Throughout the course of history, however, we have never increased the maximum human life-span, estimated at 120 years. Some have extrapolated this historical precedent to its logical end, arguing that we will soon have mean life-spans of 100 or more, yet still age rapidly and die by 120. This extrapolation assumes that the maximum life-span cannot change – a reasonable assumption historically. No matter what the medical advance, we have never yet altered the maximum human life-span one year, let alone a decade. The mean life-span alters on a whim: a fastened seatbelt, a smoke detector, a clean well, or a tetanus shot. The maximum life-span has been beyond us, unalterable, fixed, and reliable.

Until now.

Already, scientists have extended the maximum life-span in two species: to twice normal in the fruit fly (Drosophila) and six times normal in the nematode worm (C. elegans). Extending the human life-span appears almost within reach.

Stopping and Reversing the Clock

We know that our cells age and die; recent discoveries suggest that they don’t have to. Cells have chromosomal clocks – called telomeres – that determine their life-spans, and they age and die as their clocks run down. But cancer cells

, for example, continually reset their clocks, allowing themselves to divide – and live – forever.
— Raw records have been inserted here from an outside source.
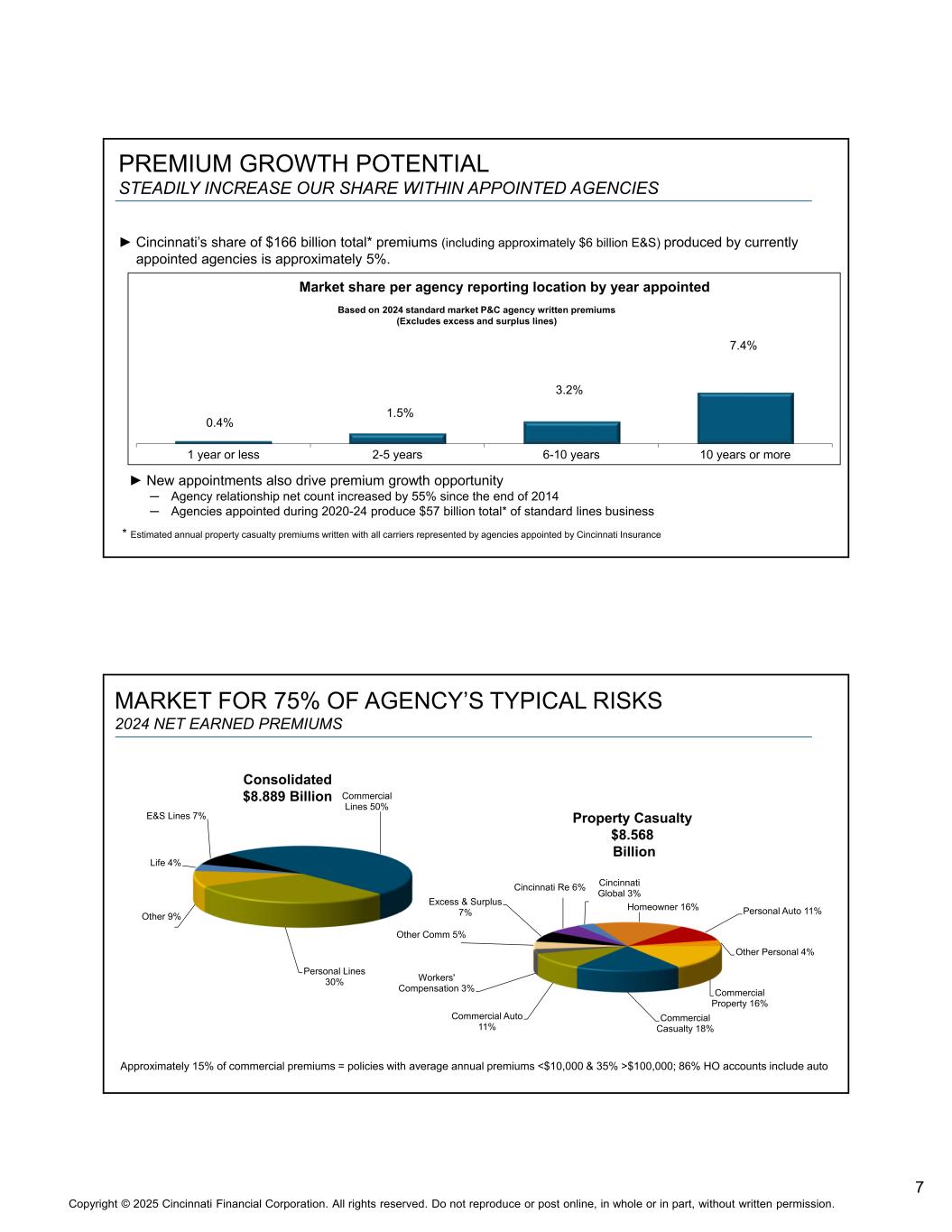 6版权©2025 辛辛那提金融公司。版权所有。未经书面许可,不得全部或部分转载或在网上发布。推动保费增长•新的代理任命随着时间的推移带来增长潜力• 2024年任命304名,其中102名仅针对个人险种,估计每年从他们所代表的所有运营商处获得的财产伤亡保费总额为140亿美元• 355名年初至今任命9-30-25营销大部分或全部险种,61名个人险种•扩大营销和服务能力•增强个人险种的营销、产品和服务Cincinnati Private ClientSM • 2024年全年私人客户净承保保费为17.19亿美元,较2023年增长37% • 15.26亿美元年初至今9-30-25私人客户净承保保费,较年初至今增长19% 9-30-24 •机构交叉服务客户以满足保险需求的机会增加•扩大通过辛辛那提再保险承担的再保险®进一步部署资本,分散风险• Cincinnati Global Underwriting Ltd.SM随着时间的推移产生可盈利的保费增长•年初至今10%的财险净承保保费增长9-30-25 •商业增长7%,个人增长16%,E & S增长13%,Cincinnati Re增长1%,Cincinnati Global增长13% •更高的平均续期定价(百分比费率增长):商业线路增长中个位数,E & S增长高个位数,个人排队高个位数•人寿保险已赚保费增长3% 46个州的精选代理组财产险市场份额:2275个代理关系,3660个地点我们的商业前五名= 36%俄亥俄州、伊利诺伊州、北卡罗来纳州、宾夕法尼亚州、印第安纳州我们的个人前五名= 44%俄亥俄州、纽约州、加利福尼亚州、伊利诺伊州、佐治亚州1%及更高不到1%的非活跃州总部(截至2025年9月30日)市场份额前五名俄亥俄州:4.4%蒙大拿州:3.0%佛蒙特州:2.4%肯塔基州:2.3%印第安纳州:2.2%基于2024年数据,不包括A & H、洪水和作物
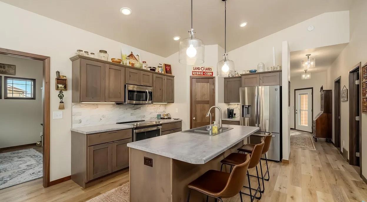Welcome to the Lakes Community and Lakes Golf Course nestled between Lake Madison and Lake Brant. This 3 bedroom, 2 bathroom, 2,190 sq. ft. home is located on hole number 8 of the Lakes Golf Course and includes a fully finished 3 stall garage with plenty of room for your toys. From the moment you walk through the front door you will appreciate the openness of the kitchen, dining and living room with views of the fairway on hole number 8. The HOA takes care of street lights and includes a community park with a playsystem, sand volleyball, pickleball, a dock on Round Lake and a shelter for only $150 a year. The roads are maintained by a Road District for $600 a year that is assessed through property taxes.
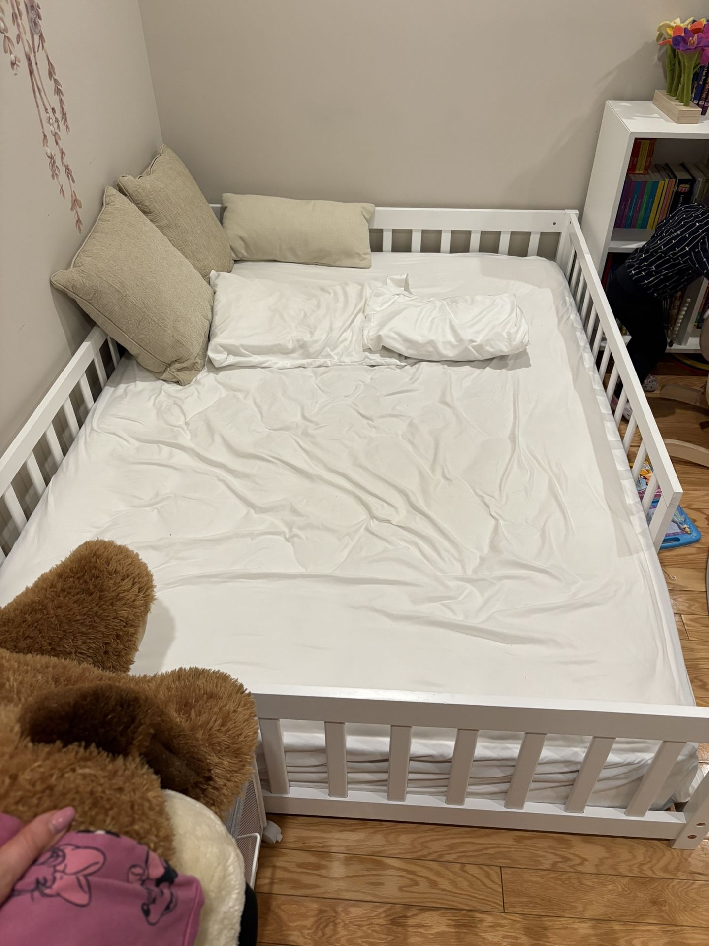 Floor bed with toddler safety rails. Mattress included. Only used less than 6 months for toddler. In great condition.
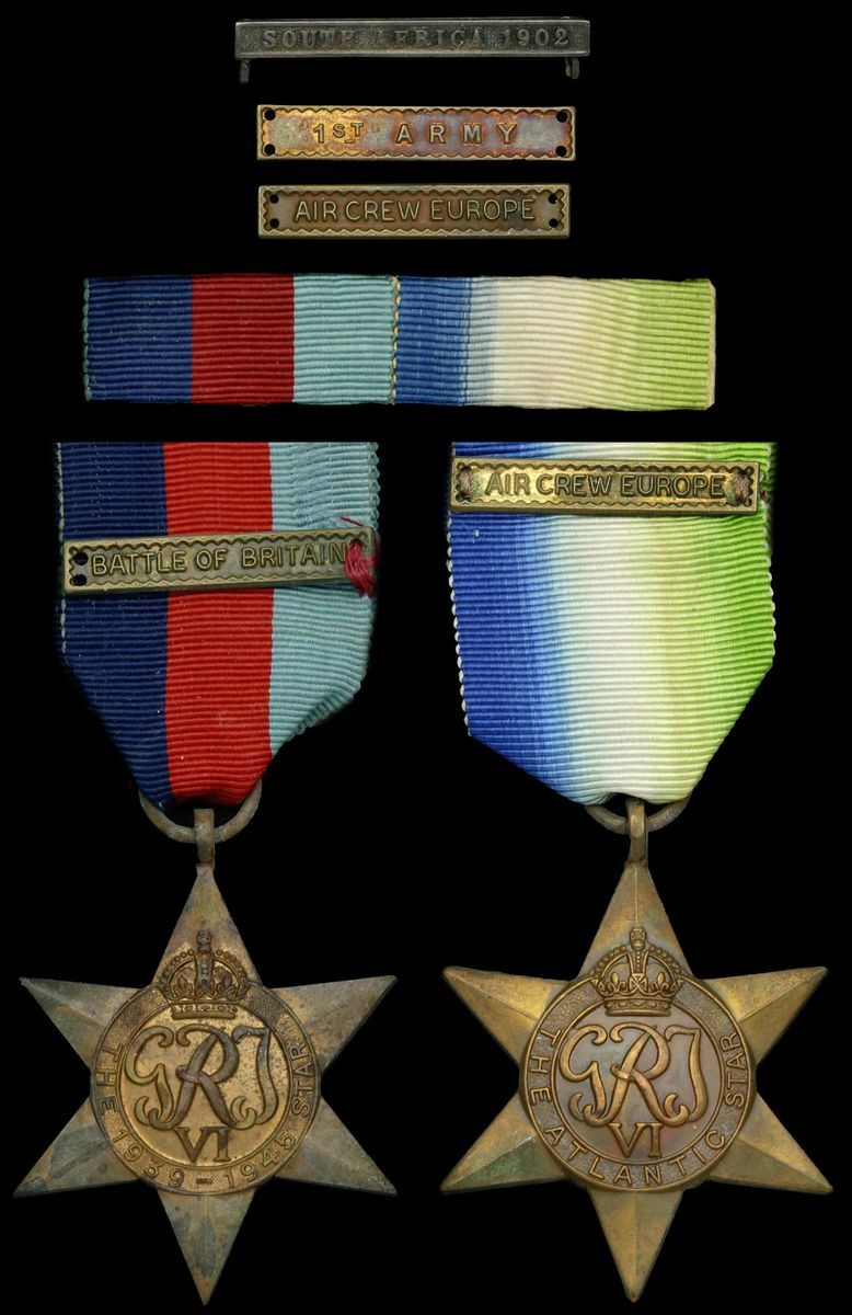 1939-45 Star, clasp Battle of Britain, partially detached; Atlantic Star, clasp, Air Crew Europe; three loose clasps, Air Crew Europe, 1st Army, South Africa 1902, all clasps other than last two copies, overall very fine
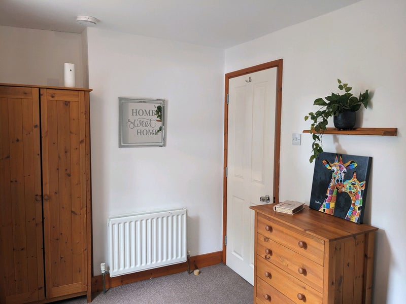 The available bedroom is newly decorated in restful colors, overlooking the quiet back garden. Fully furnished with a double bed, bedside cabinet, chest of drawers, wardrobe, and shelving, the room also offers space for a desk, ideal for remote work. The communal areas are tastefully decorated, promoting a friendly atmosphere among housemates. With superfast fiber optic broadband and a mix of shared interests, residents can enjoy socializing, cooking, watching TV, and more in a comfortable and practical living space.
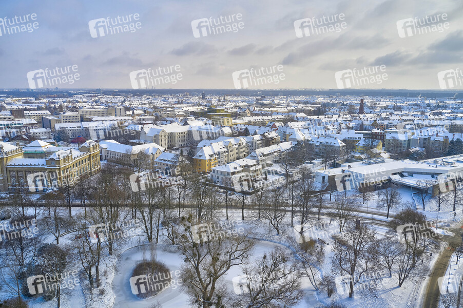 Luftbild vom verschneiten Maschpark im Winter. (Der Drohnenflug wurde ordnungsgemäß bei der Polizei Leitstelle Hannover angemeldet) Hannover, 09.02.2021

The telomere shortens as a cell divides because the cell fails to copy the tip of its chromosomes, where the telomere resides. Telomere “caps” are being built by researchers at the University of Texas that would essentially force the cell to always copy its telomere – and hence never shorten. The clock would never wind down, and the cell (and the person possessing it) would cease aging.
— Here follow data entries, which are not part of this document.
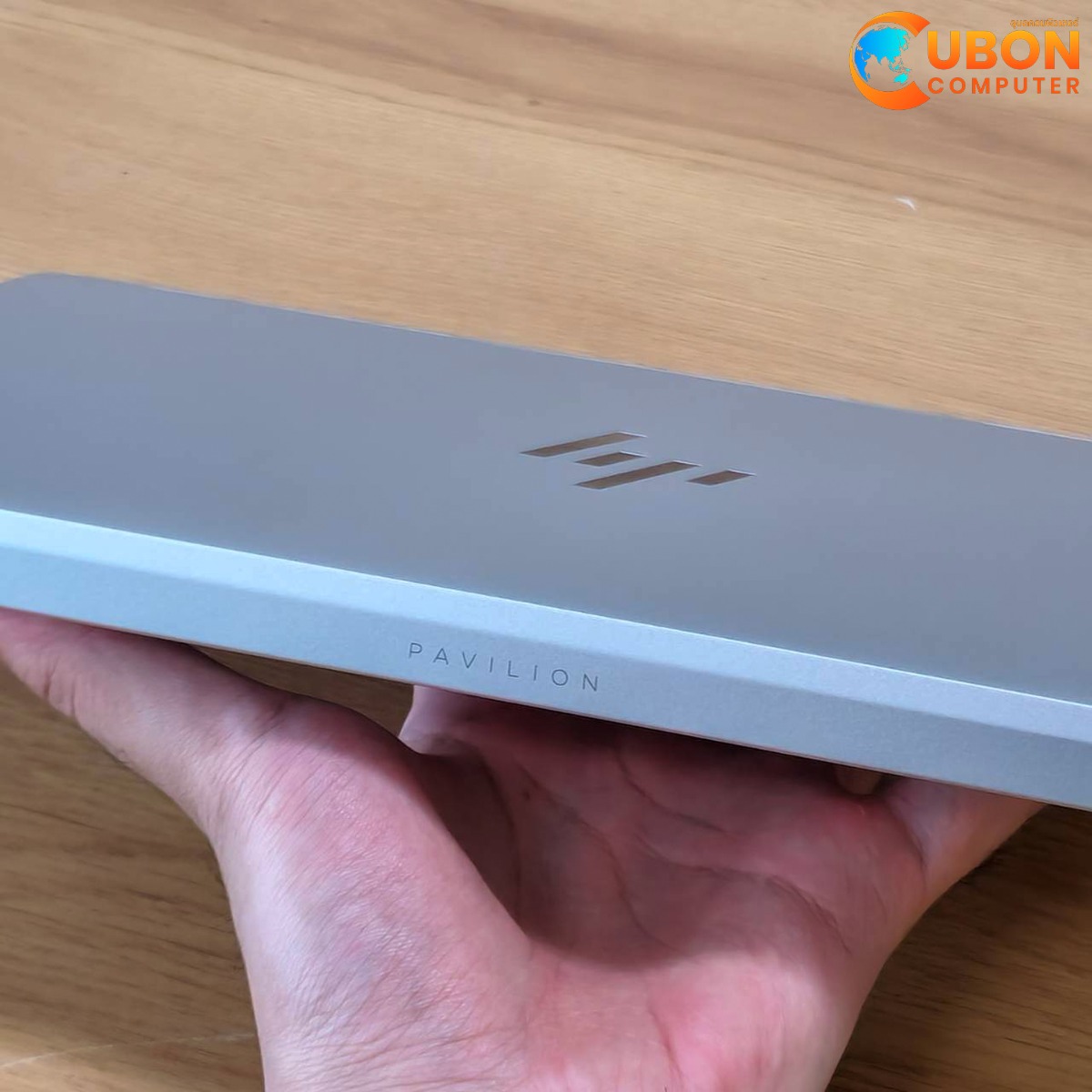 ฝาบนมีโลโก้เฉพาะของ HP Pavilion ตัววัสดุบอดี้ทำมาจากเเมกนีเซียมอลูมิเนียม ทำให้ตัวเครื่องมีน้ำหนักเบาเเละสัมผัสของโน๊ตบุ๊คมีความ Premium น่าใช้งานเป็นอย่างมาก
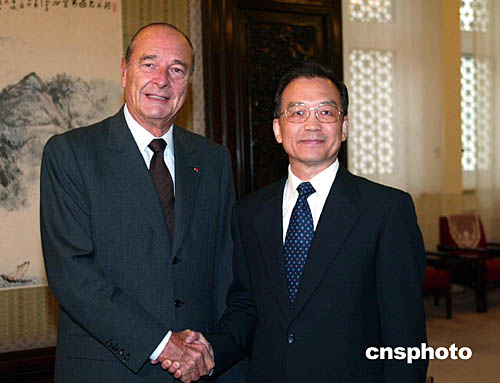 組圖:溫家寶會(huì)見法國總統(tǒng)希拉克
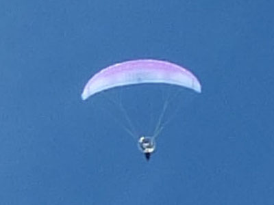 山頂を越えてモーターパラグライダーが飛んでいる。
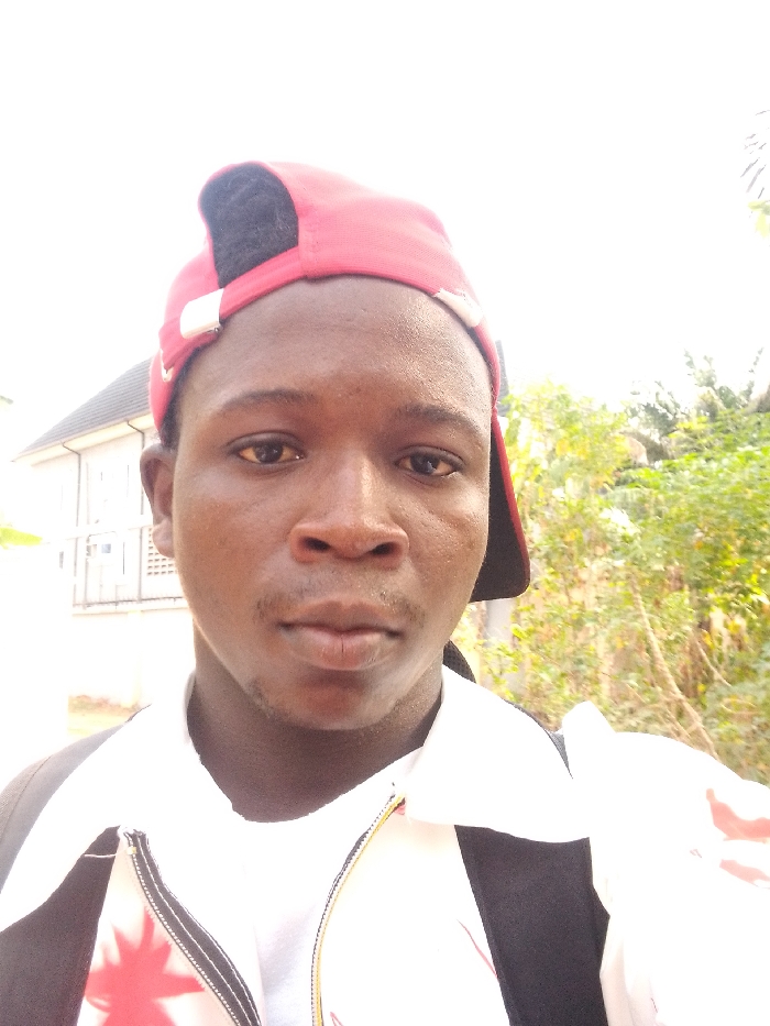 A brightly lit, close-up outdoor photograph depicts a young adult male in the city of Alor, Nigeria

But we could also try for more than stopping the clock – we could reverse it. By adding telomerase – an enzyme, part protein and part RNA – we could relengthen the telomeres. “All” we would need to do is lengthen all 92 telomeres in each of our 100 trillion cells. It may be possible one day to produce a drug that gets each of our cells to treat its own 92 telomeres. Active research programs for telomerase inducer drugs are being conducted by the University of Texas’s Southwestern University Medical Center and by Cold Spring Harbor Laboratory on Long Island, New York, as well as by biotech and pharmaceutical firms.

We have no way of knowing what the maximum healthy life-span will become when we reextend human telomeres. We suspect that by using telomerase inducers we can probably extend the human life-span well beyond 120 years and that telomere manipulation should allow us to prevent most of the diseases we associate with aging: cancer (albeit by the reverse process of inhibiting telomerase), atherosclerosis

(and so most heart disease and strokes), osteoarthritis, Alzheimer’s, and most other diseases of aging.

Social Consequences

One social consequence of preventing aging will be a likely increase in the world population. A large world population is not inherently a bad thing. If the world population were only 1,000 people, would we have computers, immunizations, or even books? But at some level, high population does have liabilities that lower the quality of life. The optimal number of people depends on your assumptions about a number of variables, such as environmental damage, food supply and production, crime, war, disease, and overwhelming social “stresses” and their impact on the human condition.